The reason for this relates to class actions for low-value claims. If a defendant defeats class certification, the named plaintiff’s individual claims survive, but because those damages are so minimal, litigation would not be worth the costs to the plaintiff to proceed. Even where a named plaintiff prevails at class certification, defendants tend to favor quick settlements, forgoing strong defenses on the merits to avoid often uncertain and potentially disastrous liability. Settlement after a class is certified not only limits ongoing litigation costs but also bars all class members identified in the settlement class from bringing subsequent litigation on the same issue. As a result, class actions rarely proceed to a full trial on the merits.
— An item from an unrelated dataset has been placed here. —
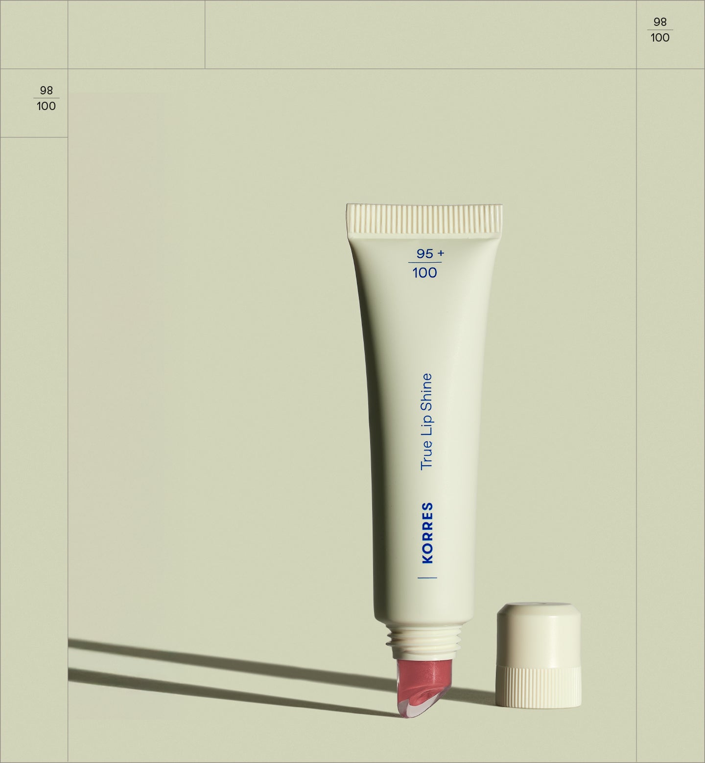 Astuce de Sophia KORRES Make-up Artist : pour un effet lèvres pulpeuses, déposez une touche de True Lip Shine uniquement au centre des lèvres.

Class actions also require specialized discovery. To certify a class, plaintiffs must prove that the class meets all explicit and implicit requirements of Federal Rule of Civil Procedure 23. In Rule 23 discovery, plaintiffs inquire about the accused practice or product from the defendant. They use traditional discovery tools, including document requests, interrogatories, depositions, and experts. For defendants, Rule 23 discovery is a time to depose the plaintiff to distinguish the plaintiff’s claims from those he or she is attempting to assert on behalf of the class and to test the plaintiff’s adequacy to represent a class.
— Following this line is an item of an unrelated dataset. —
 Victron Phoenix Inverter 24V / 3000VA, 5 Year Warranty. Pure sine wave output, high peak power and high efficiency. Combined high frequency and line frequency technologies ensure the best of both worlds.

Due to the impact of class certification, many practitioners seek to bifurcate Rule 23 discovery from merits discovery. In some cases, Rule 23 discovery proceeds first and merits discovery occurs only if a class is certified. If a defendant is confident that it can defeat class certification or wants to limit discovery costs, this may be a good strategy. On the other hand, in conducting the required rigorous analysis at class certification, judges may peek at the merits of the plaintiff’s claims. Accordingly, defendants should present merits evidence they think could defeat class certification. Another option is to sequence merits discovery of the plaintiff’s individual claims before Rule 23 discovery. This strategy may be appropriate where a defendant has a basis for a strong early summary-judgment motion on the named plaintiff’s individual claims.

A third striking difference between aggregate and individual litigation is how quickly a class action can expand with additional class representative and tag-along cases from different jurisdictions. Although joinder and multidistrict litigation are not unique to class actions, the frequency of having multiple plaintiffs, representing multiple state classes, causes an already complex class action to become even more complex very quickly. A class action may begin with one or two named plaintiffs seeking to certify a statewide class, but if certified, copy-cat cases in other states may follow. All of the sudden, the defendant may be facing much larger potential liability and the original plaintiff’s counsel may lose control of the case. Practically, it also means more moving parts for the practitioners on both sides of the “v.”
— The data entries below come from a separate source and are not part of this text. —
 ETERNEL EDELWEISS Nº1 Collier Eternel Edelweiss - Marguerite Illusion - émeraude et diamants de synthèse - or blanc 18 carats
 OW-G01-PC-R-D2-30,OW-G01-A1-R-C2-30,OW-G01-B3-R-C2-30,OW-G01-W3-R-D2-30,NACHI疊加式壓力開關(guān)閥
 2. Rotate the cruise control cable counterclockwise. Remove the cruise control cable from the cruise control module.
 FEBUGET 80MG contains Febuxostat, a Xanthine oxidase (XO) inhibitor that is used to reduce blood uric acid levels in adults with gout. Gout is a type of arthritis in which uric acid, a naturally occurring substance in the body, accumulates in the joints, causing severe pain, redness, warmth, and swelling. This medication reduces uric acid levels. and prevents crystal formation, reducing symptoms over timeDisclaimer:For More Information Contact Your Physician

Two years in, the more class actions I handle, the more I see recurring issues and new strategies employed by other practitioners. While the unique procedure, the discovery strategies, and the complexity of cases are three issues that struck me as important for practitioners to consider, class action practice is incredibly diverse and changing rapidly thanks to a U.S. Supreme Court taking up class action appeals. There is nothing much more exciting than having the U.S. Supreme Court making law in your practice area.